I'm writing a macro to generate codes used by another macro in Common Lisp. But I'm new at this and have difficulty in constructing a macro that takes in a list (bar1 bar2 ... barn) and produces the following codes by a loop.

`(foo
   ,@bar1
   ,@bar2
     ...
   ,@barn)

I wonder whether this can be achieved not involving implement-dependent words such as SB-IMPL::UNQUOTE-SPLICE in sbcl.

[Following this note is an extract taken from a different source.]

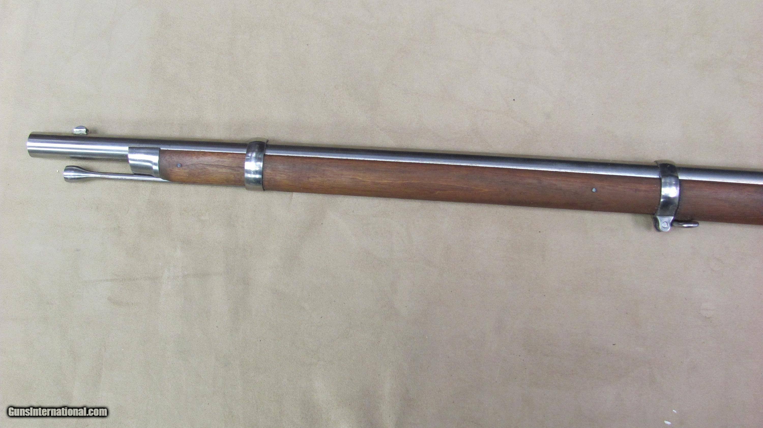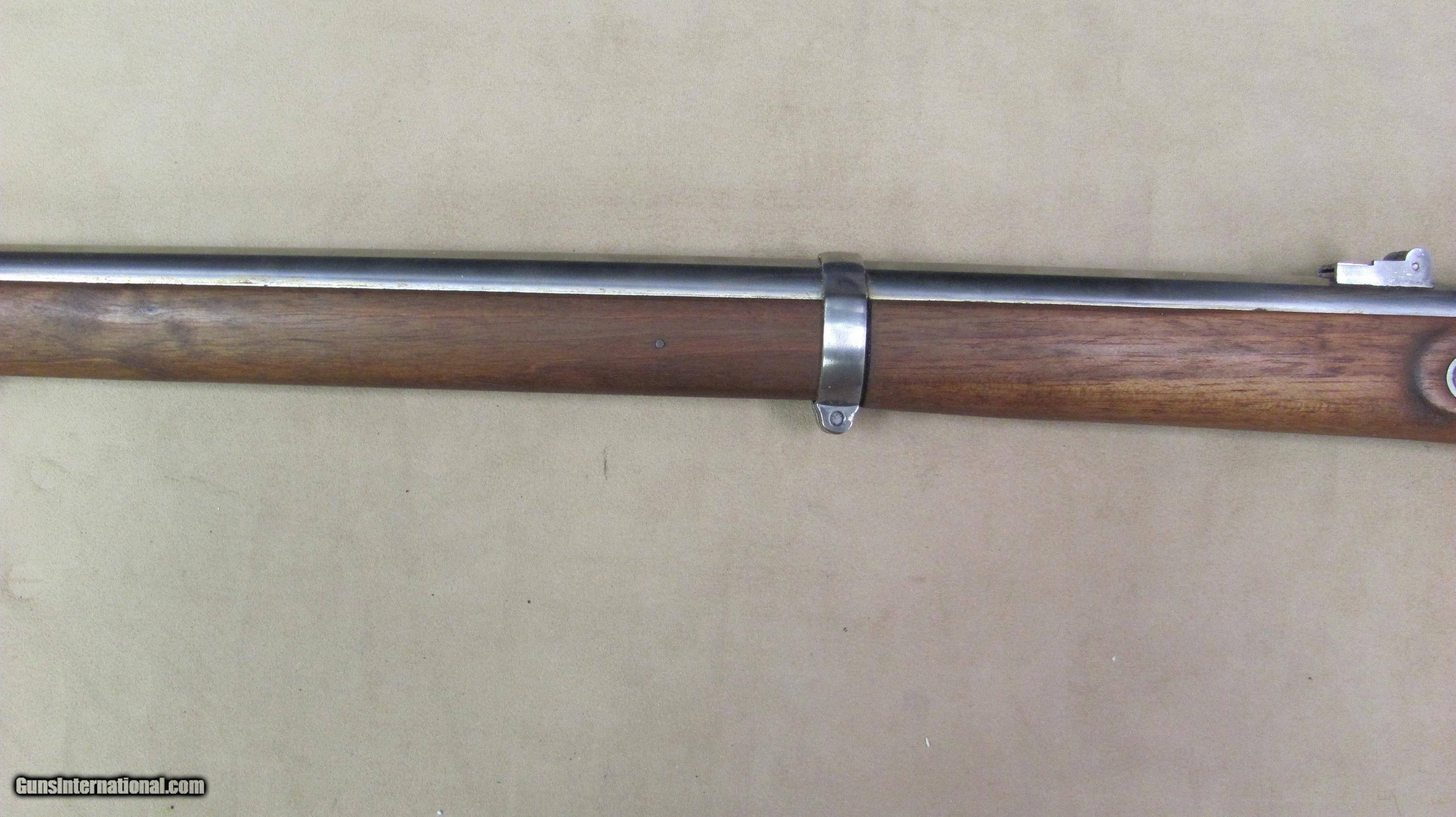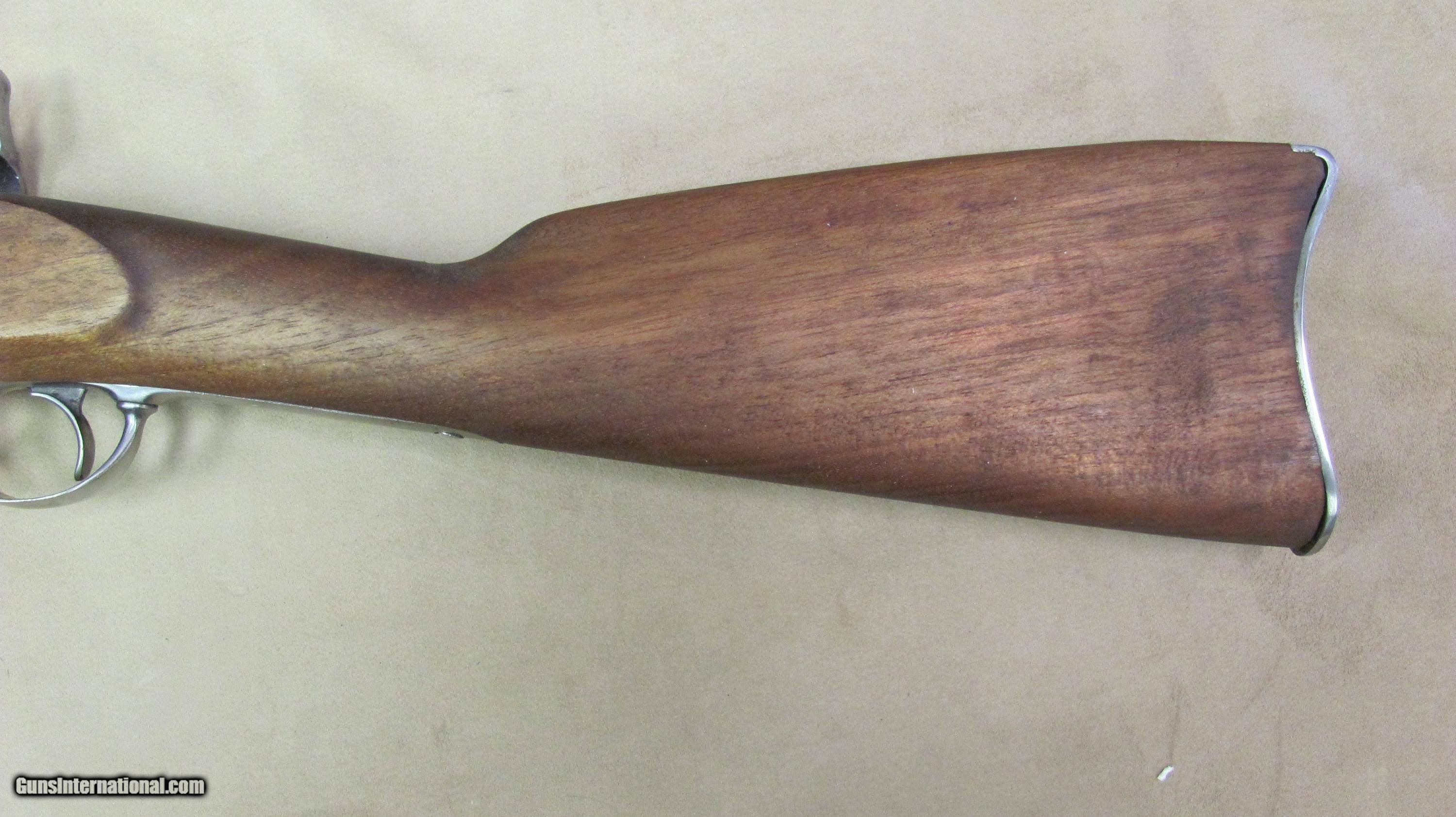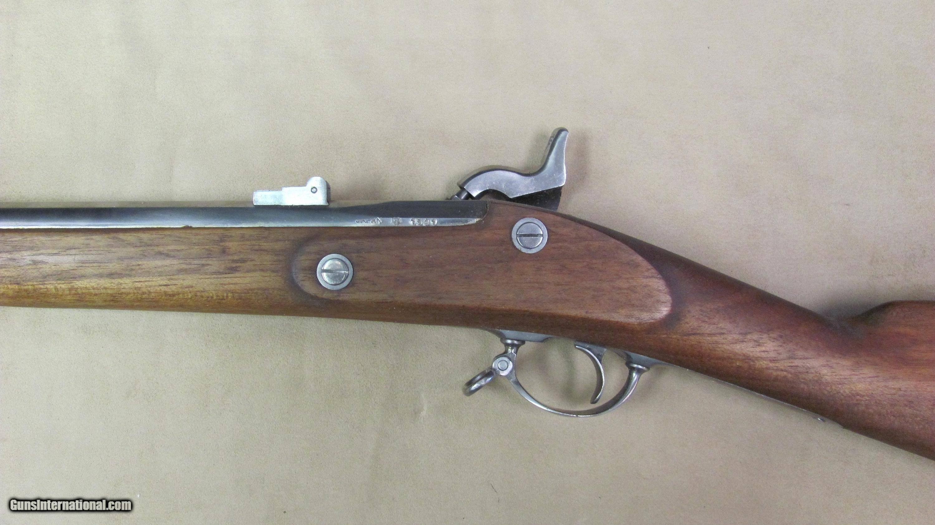 Description: This rifle musket is a Navy Arms, Ridgefield, NJ, authentic replica of the Springfield Model U.S. 1863. It is .58 caliber and the serial number is 1541. It is unfired and as new, with the original box it came in. All metal parts are finished bright except the case hardened lock. Eagle motif on the bolster and lock with a 1864 date on the lock. This was the last U.S. martial regulation for the muzzle-loading design. It was used extensively during the Civil War. A historically important firearm. SOLD Rifle Caliber: .58 Manufacturer: Made for Navy Arms Model: Springfield Model U.S. 1863 Serial Number: 1541 Condition: Excellent Metal Condition: Excellent Wood Condition: Excellent Bore Condition: Excellent |

Maybe I didn't give a clear description about my problem. In fact I want to write a macro gen-case such that

(gen-case
  (simple-array simple-vector)
  ('(dotimes ($1 $5)
      (when (and (= (aref $4 $2 $1) 1) (zerop (aref $3 $1)))
        $0))
   '(dolist ($1 (aref $4 $2))
      (when (zerop (aref $3 $1))
        $0)))
  objname body)

produces something like

`(case (car (type-of ,objname))
   (simple-array
     ,@(progn
         (setf temp
               '(dotimes ($1 $5)
                  (when (and (= (aref $4 $2 $1) 1) (zerop (aref $3 $1)))
                    $0)))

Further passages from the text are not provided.